> _Task directions_
The listing below is to be written out word for word, minus its images.

> _The data_
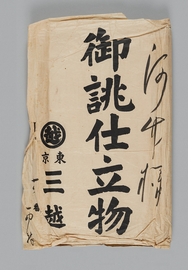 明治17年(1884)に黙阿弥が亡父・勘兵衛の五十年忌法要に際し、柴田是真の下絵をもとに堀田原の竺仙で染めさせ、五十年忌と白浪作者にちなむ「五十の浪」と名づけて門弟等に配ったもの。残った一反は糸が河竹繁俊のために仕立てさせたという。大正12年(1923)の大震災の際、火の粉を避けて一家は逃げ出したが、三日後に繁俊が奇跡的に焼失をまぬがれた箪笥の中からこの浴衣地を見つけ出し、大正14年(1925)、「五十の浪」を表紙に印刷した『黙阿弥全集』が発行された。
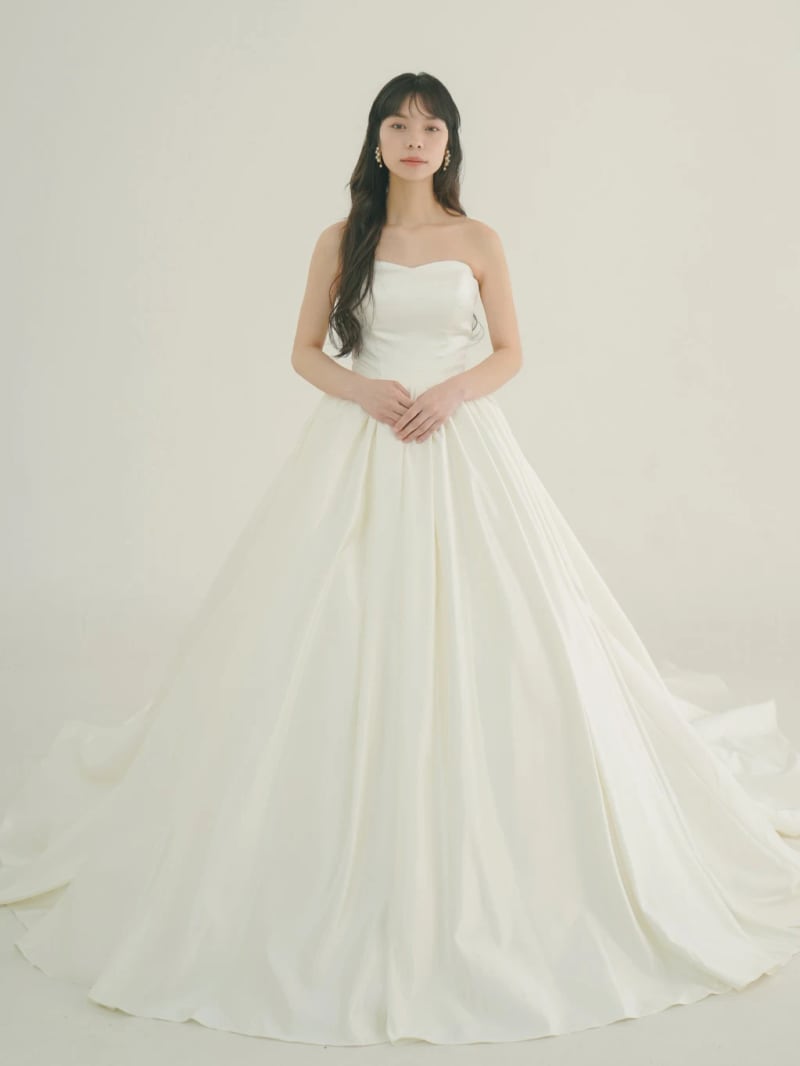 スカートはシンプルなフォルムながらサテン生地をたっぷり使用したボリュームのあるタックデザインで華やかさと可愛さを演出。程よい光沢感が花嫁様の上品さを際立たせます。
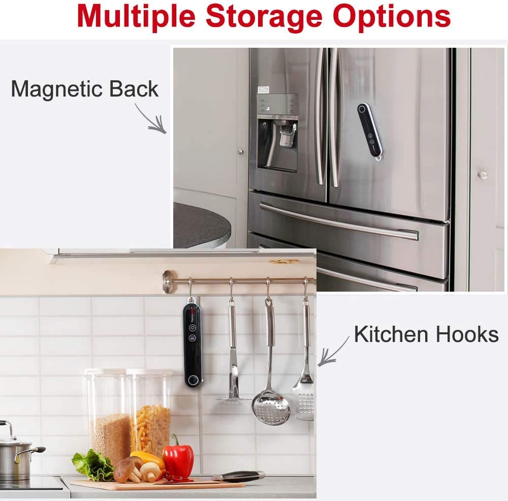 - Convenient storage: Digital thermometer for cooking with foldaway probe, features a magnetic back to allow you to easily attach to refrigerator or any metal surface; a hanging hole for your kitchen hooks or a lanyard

> _Response to this exercise_
 明治17年(1884)に黙阿弥が亡父・勘兵衛の五十年忌法要に際し、柴田是真の下絵をもとに堀田原の竺仙で染めさせ、五十年忌と白浪作者にちなむ「五十の浪」と名づけて門弟等に配ったもの。残った一反は糸が河竹繁俊のために仕立てさせたという。大正12年(1923)の大震災の際、火の粉を避けて一家は逃げ出したが、三日後に繁俊が奇跡的に焼失をまぬがれた箪笥の中からこの浴衣地を見つけ出し、大正14年(1925)、「五十の浪」を表紙に印刷した『黙阿弥全集』が発行された。
 スカートはシンプルなフォルムながらサテン生地をたっぷり使用したボリュームのあるタックデザインで華やかさと可愛さを演出。程よい光沢感が花嫁様の上品さを際立たせます。
 - Convenient storage: Digital thermometer for cooking with foldaway probe, features a magnetic back to allow you to easily attach to refrigerator or any metal surface; a hanging hole for your kitchen hooks or a lanyard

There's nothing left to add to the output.